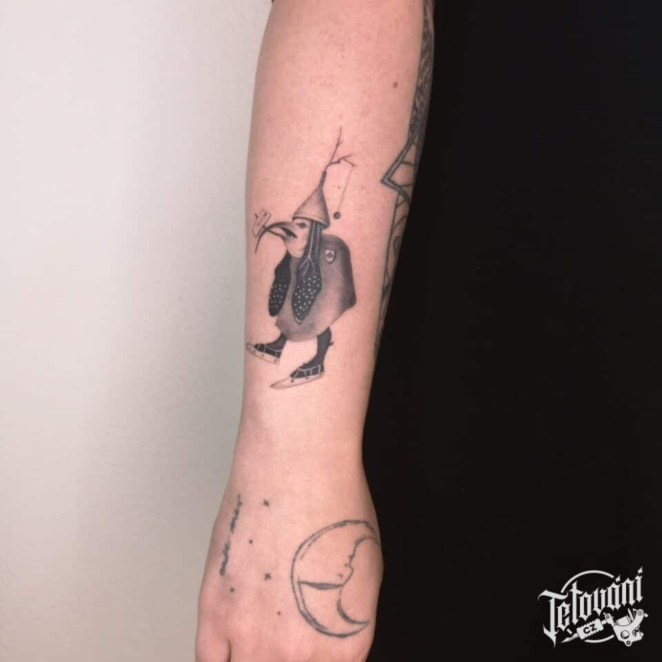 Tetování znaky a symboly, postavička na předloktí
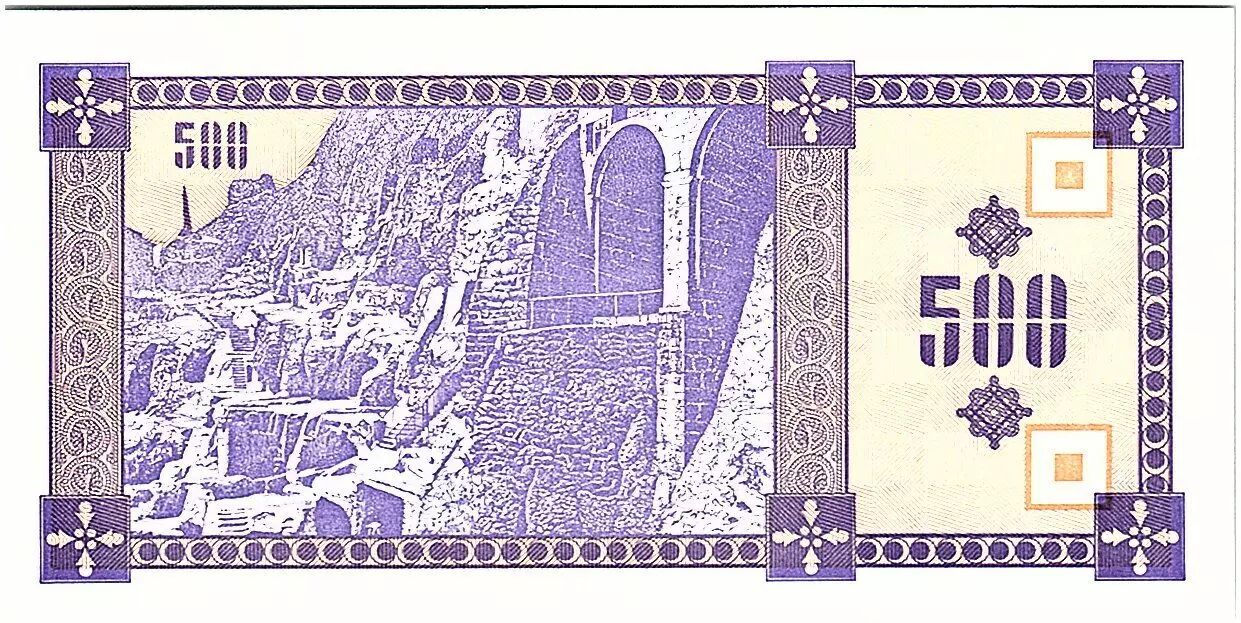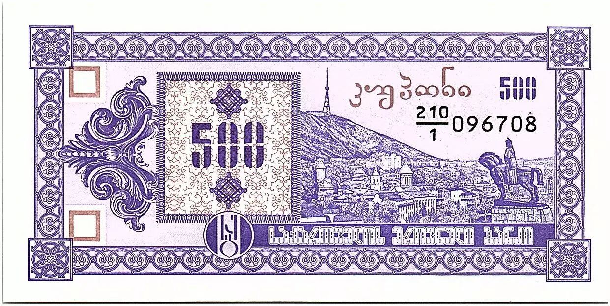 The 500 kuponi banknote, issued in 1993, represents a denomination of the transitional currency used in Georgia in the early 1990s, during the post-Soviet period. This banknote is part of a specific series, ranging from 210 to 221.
^^^^^^^^^^^^^^^^
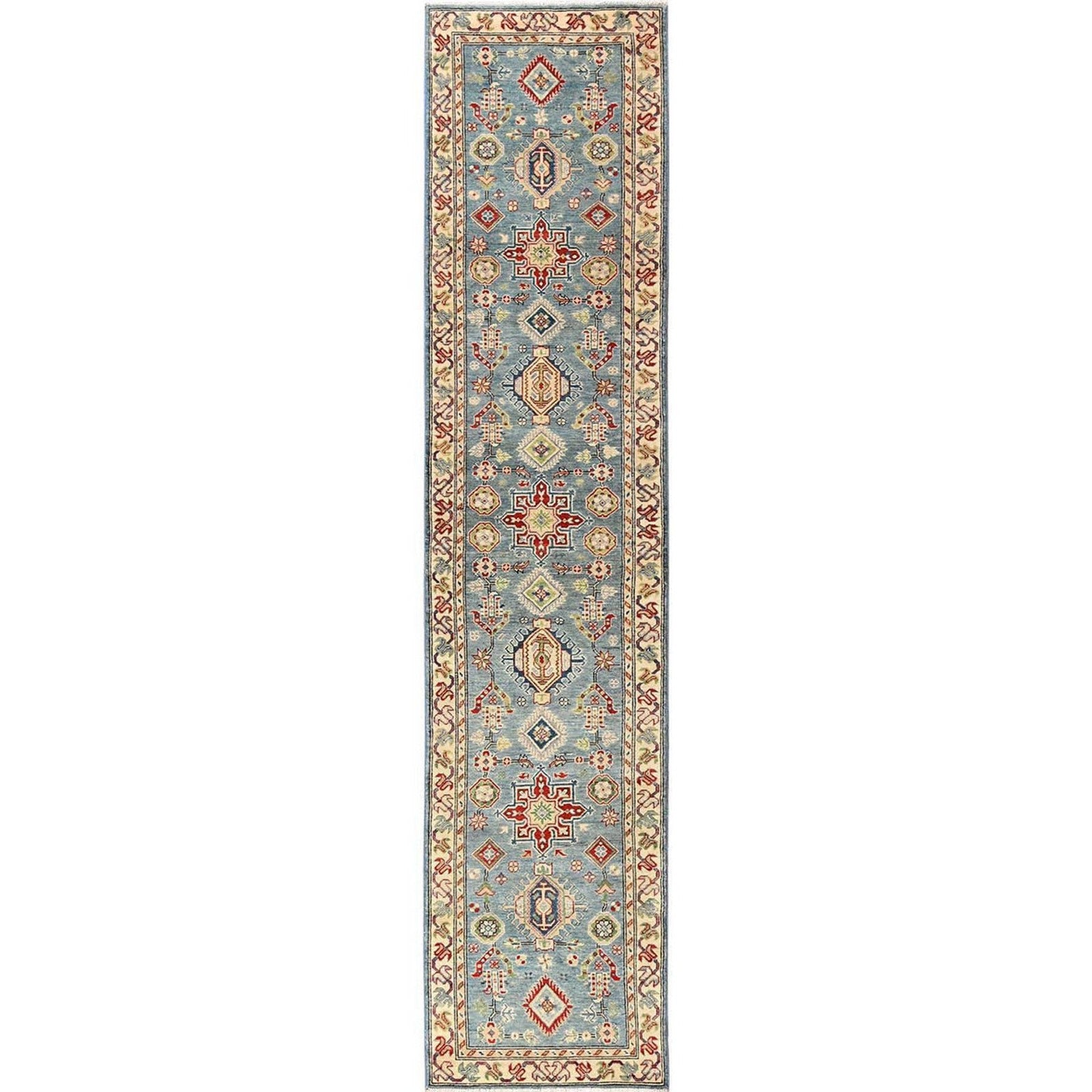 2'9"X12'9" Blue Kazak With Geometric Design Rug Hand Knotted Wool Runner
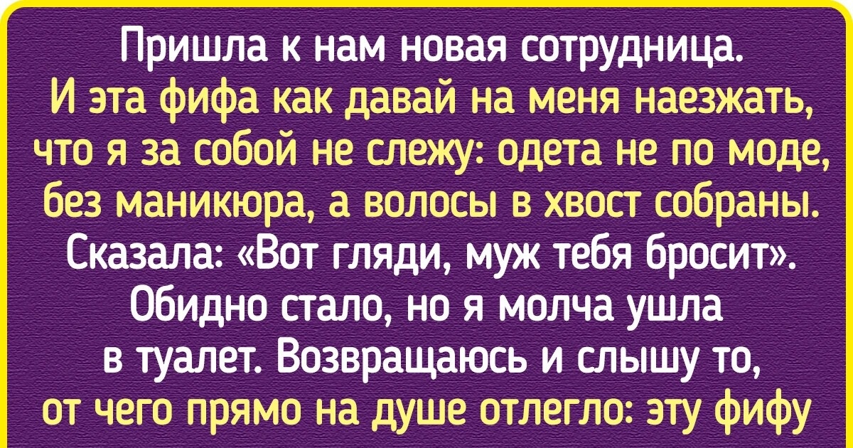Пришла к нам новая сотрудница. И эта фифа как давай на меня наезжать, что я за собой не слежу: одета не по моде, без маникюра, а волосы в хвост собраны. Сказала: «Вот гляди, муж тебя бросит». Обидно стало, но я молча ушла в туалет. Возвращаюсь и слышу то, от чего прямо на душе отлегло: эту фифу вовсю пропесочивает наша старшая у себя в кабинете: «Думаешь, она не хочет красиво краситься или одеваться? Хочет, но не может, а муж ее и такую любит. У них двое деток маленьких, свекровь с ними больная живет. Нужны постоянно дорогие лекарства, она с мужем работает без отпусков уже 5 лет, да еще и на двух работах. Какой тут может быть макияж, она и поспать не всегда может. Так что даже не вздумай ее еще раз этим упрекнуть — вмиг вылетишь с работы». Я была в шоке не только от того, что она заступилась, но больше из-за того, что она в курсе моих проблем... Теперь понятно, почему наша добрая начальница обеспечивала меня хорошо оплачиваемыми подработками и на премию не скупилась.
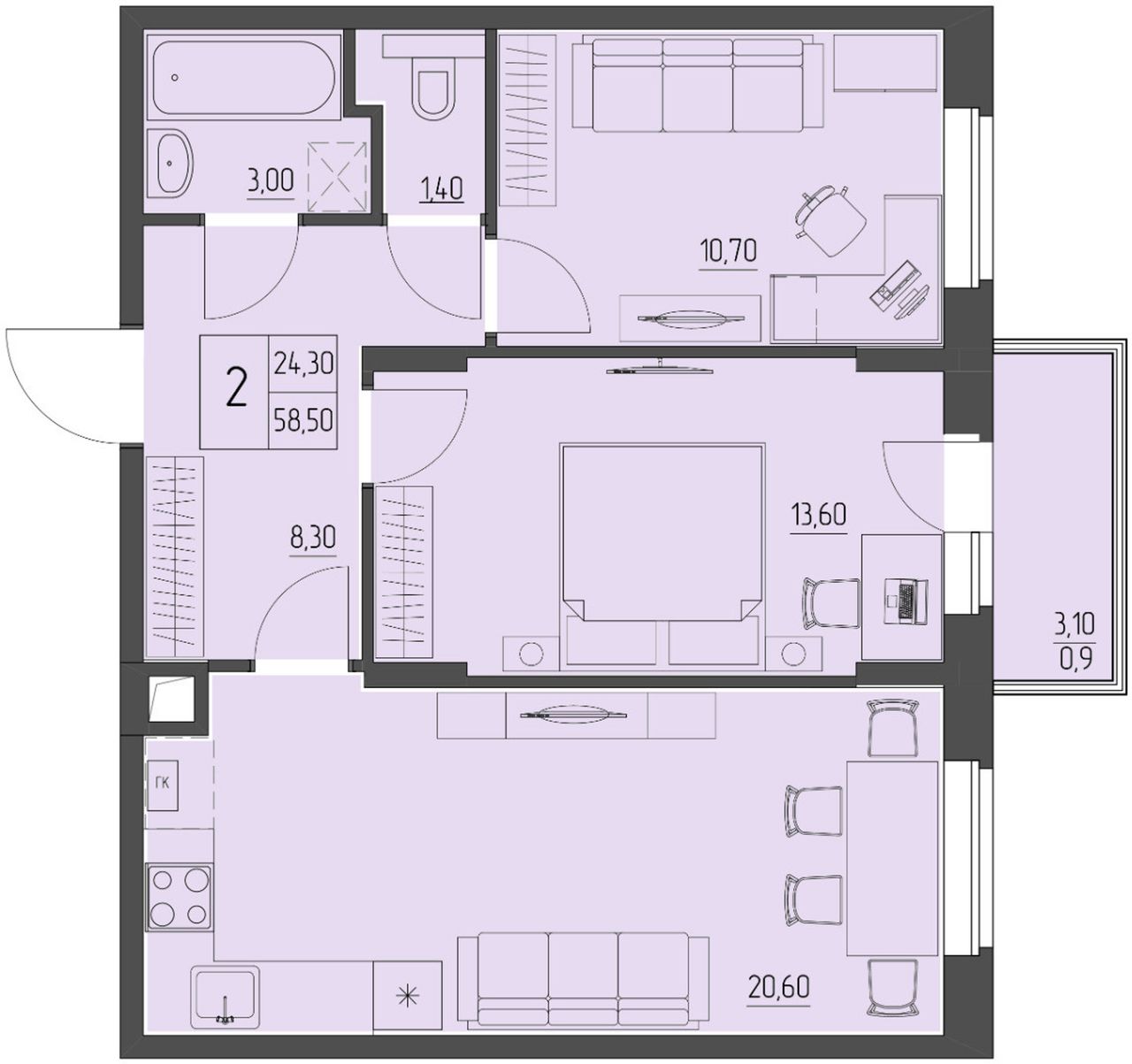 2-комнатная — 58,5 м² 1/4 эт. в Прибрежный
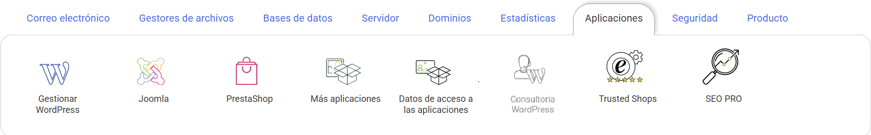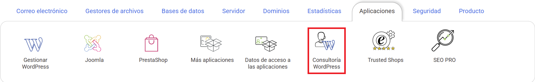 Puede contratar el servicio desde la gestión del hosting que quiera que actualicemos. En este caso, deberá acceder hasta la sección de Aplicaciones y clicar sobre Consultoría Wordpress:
^^^^^^^^^^^^^^^^
Problem statement>
From the material above, output only the span of lines that starts at the one containing "2-комнатная — 58,5 м² 1/4 эт. в Прибрежный" and finishes at the one containing "Puede contratar el", word for word and free of pictures.

Solved exercise>
 2-комнатная — 58,5 м² 1/4 эт. в Прибрежный
 Puede contratar el servicio desde la gestión del hosting que quiera que actualicemos. En este caso, deberá acceder hasta la sección de Aplicaciones y clicar sobre Consultoría Wordpress:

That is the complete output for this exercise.